If after class he spied me sitting on my ledge, he would stop in his departure as if his coat had been momentarily snagged on a branch. He would offer a slight smile, and when I told him I had nowhere to be, I would walk with him back to where his office was located, a loft on the third floor in the mansion.

“So, what’s your story?”, he asked me one day as we made our descent down the road to the circular driveway and the steps in front of the main door. His voice, for the most part, was eerily monotonous, mesmerizing instead of dull, and there was a slight lift at the end, an amusement in him that could never go unchecked.

Up to that point I had forgone dishing the deeper parts of myself to people.

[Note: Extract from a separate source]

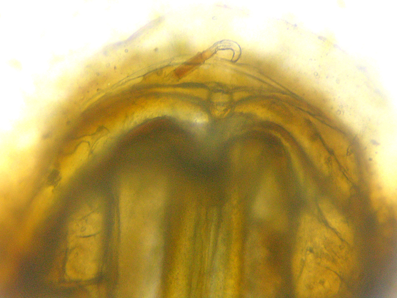 This one was found by suction. The sclerotised section of copulatory tube is short but under high magnification an additional length of unsclerotised tube can also be seen. It's not entirely clear to me whether I'm meant to be judging the full length of this tube including the unsclerotised section or just the more obvious dark section. If the former then it certainly seems short enough to be vicinus rather than majusculus, but if the latter then I'm less clear that it can't be majusculus. The insect was small, at the bottom end of the size range given for vicinus, and majusculus is normally larger than vicinus. On balance therefore I'm tentatively settling on vicinus. I've not found majusculus yet, so may need to review this when I get more experience of both species.
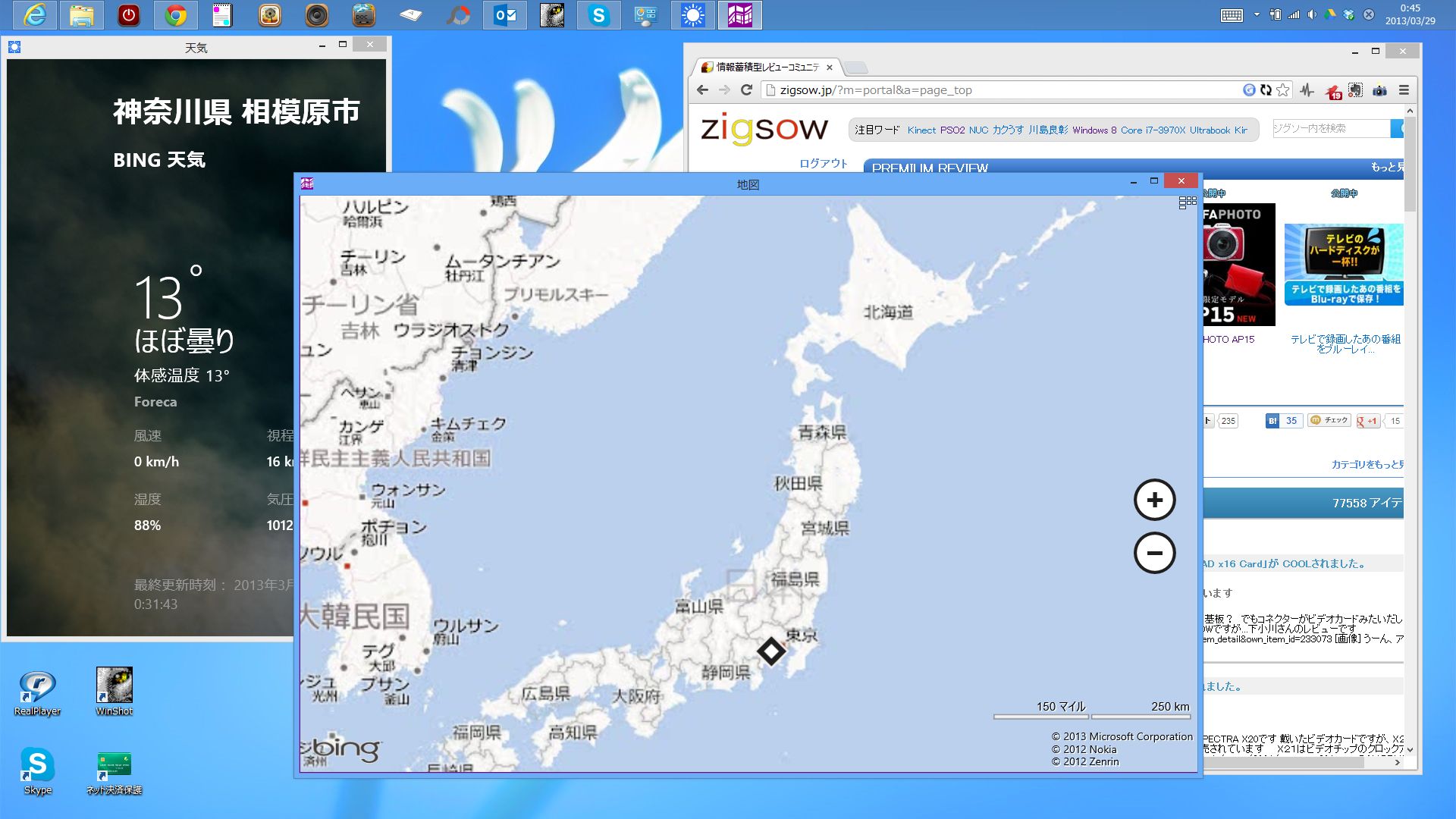 これにより、Windows8アプリとデスクトップアプリがマルチウインドウで表示可能です。

It wasn’t that the new environment still felt too fresh to trust anybody. It was because I felt discouraged allowing a raw phrase to slip from my mouth, was too full of shame to ever unleash one of the pent-up, exotic creature-like words out of my head where they were safe from ogling. If I voiced a sentence and wasn’t satisfied with even one word, I was guilt-ridden the rest of the day, denouncing my title as writer, as artist, as educated human being. I don’t know whether it was his own collection of zany sayings that inspired me to talk freely, or how truly unshakable he seemed, a sort of dust cloud that moved around hard light like an impenetrable shadow. All in all I am glad I did. I told him everything that had happened to me in the last two years at my previous university, condensed, of course, as the path to tread was short. He stood outside with me for awhile in the driveway as he heard me out unflinchingly. He even recollected a bizarre, macabre story himself about his own friend who had had an eating disorder. She had been purged of it, in a sense, when she had nearly died being flattened by an oncoming car.

After a short silence following this he said, “I’m glad you told me.”

I was still unsure about my lapse of convent-like stolidity. Perplexed, I pressed, “What, that I have an eating disorder?”

“Yes, but no. About your anxiety.” He paused, looked off into the distance, and then trained his focus on me once again. The next line he delivered was spoken from somewhere warm and deep, and I don’t doubt it still would have made a plume of smoke appear despite the chilled weather.

“Don’t think you ever have to be perfect for me. I mean, you see how class is run. I am the most flawed person on the face of the earth.”

I stared at him, hit with a sort of happiness he could hardly know I was experiencing. It was dull at first, as every feeling is, this sort of unsure clause hammering through my system trying to latch on to my soul. The words he had just let loose as easy as an exhale of breath, causation of living, was the grail I had been searching for all these years from various people, just this simple, given sentence spoken out loud. He had given me humanness, then the validation of being such.

“Yeah,” I went on to say, covering up my initial shock with a shrug of my shoulders—a shaky lift and then a weighty release. “I knew that. I knew you didn’t expect perfection from me. I just get this way.”